Input data:

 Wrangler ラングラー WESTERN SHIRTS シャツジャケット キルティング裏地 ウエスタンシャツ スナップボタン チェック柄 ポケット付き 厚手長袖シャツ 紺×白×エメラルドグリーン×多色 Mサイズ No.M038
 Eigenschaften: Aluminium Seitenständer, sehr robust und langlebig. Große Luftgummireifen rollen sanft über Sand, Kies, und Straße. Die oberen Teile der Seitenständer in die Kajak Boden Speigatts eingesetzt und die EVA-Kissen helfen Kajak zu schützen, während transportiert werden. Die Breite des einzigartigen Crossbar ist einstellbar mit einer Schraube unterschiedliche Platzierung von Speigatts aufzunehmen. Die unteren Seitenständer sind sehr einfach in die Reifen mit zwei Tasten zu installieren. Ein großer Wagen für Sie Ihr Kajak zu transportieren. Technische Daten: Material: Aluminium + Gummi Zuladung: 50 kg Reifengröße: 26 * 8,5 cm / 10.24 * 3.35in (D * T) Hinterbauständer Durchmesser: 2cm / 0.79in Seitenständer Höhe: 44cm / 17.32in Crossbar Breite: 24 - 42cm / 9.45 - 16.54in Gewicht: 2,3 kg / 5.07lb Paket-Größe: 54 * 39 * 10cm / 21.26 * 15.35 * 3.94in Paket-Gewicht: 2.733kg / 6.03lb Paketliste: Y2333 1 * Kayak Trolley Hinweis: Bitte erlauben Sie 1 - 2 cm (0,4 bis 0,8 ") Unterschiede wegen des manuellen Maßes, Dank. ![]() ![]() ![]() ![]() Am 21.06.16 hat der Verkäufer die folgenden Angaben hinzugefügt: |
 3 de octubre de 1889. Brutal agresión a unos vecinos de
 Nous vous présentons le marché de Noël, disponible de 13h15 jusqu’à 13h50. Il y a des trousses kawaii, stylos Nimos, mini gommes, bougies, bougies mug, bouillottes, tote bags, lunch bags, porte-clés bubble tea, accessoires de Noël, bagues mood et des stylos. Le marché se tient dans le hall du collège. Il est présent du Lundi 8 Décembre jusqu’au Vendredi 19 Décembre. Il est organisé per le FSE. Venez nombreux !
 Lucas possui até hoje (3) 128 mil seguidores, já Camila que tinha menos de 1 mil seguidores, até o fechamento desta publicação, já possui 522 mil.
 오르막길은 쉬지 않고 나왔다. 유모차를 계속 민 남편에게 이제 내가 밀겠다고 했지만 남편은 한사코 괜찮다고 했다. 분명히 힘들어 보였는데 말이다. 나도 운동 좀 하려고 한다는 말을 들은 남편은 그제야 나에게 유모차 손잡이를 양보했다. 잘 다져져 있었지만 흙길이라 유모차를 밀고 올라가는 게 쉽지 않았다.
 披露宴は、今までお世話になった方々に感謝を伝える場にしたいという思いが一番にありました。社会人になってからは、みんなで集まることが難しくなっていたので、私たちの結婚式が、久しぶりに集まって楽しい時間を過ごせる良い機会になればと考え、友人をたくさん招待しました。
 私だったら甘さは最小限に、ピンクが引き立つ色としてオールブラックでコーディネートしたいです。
==
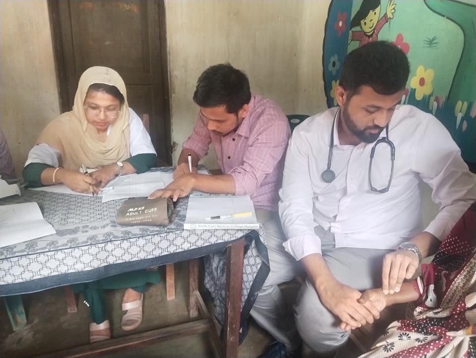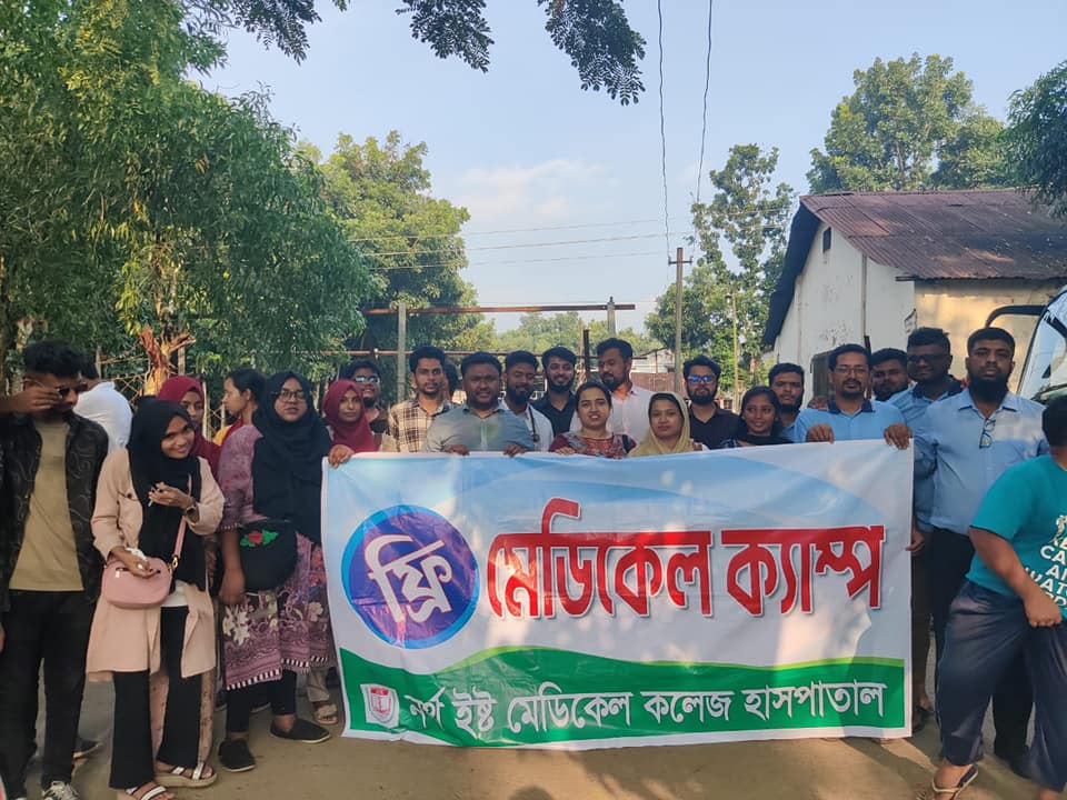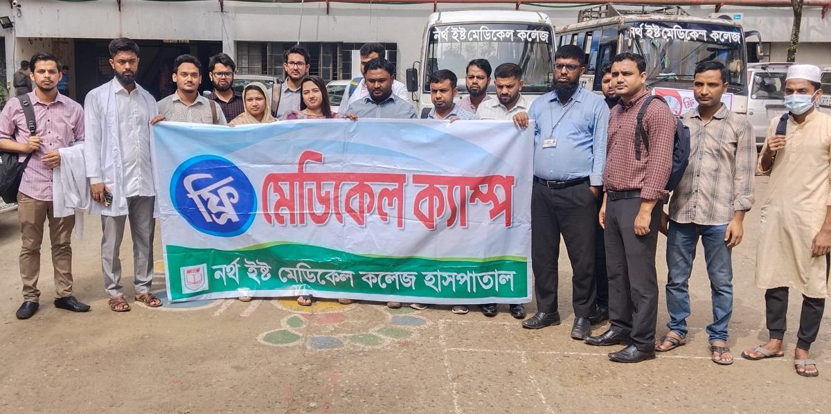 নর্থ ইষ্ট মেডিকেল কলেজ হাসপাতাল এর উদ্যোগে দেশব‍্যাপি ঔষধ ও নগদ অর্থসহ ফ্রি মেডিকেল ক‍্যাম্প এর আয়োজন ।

Brief: Take the lines above from the one containing "Lucas possui até" to the one containing "私だったら甘さは最小限に、ピ" and retype them exactly, both ends included, with nothing added.

Result for this exercise:
 Lucas possui até hoje (3) 128 mil seguidores, já Camila que tinha menos de 1 mil seguidores, até o fechamento desta publicação, já possui 522 mil.
 오르막길은 쉬지 않고 나왔다. 유모차를 계속 민 남편에게 이제 내가 밀겠다고 했지만 남편은 한사코 괜찮다고 했다. 분명히 힘들어 보였는데 말이다. 나도 운동 좀 하려고 한다는 말을 들은 남편은 그제야 나에게 유모차 손잡이를 양보했다. 잘 다져져 있었지만 흙길이라 유모차를 밀고 올라가는 게 쉽지 않았다.
 披露宴は、今までお世話になった方々に感謝を伝える場にしたいという思いが一番にありました。社会人になってからは、みんなで集まることが難しくなっていたので、私たちの結婚式が、久しぶりに集まって楽しい時間を過ごせる良い機会になればと考え、友人をたくさん招待しました。
 私だったら甘さは最小限に、ピンクが引き立つ色としてオールブラックでコーディネートしたいです。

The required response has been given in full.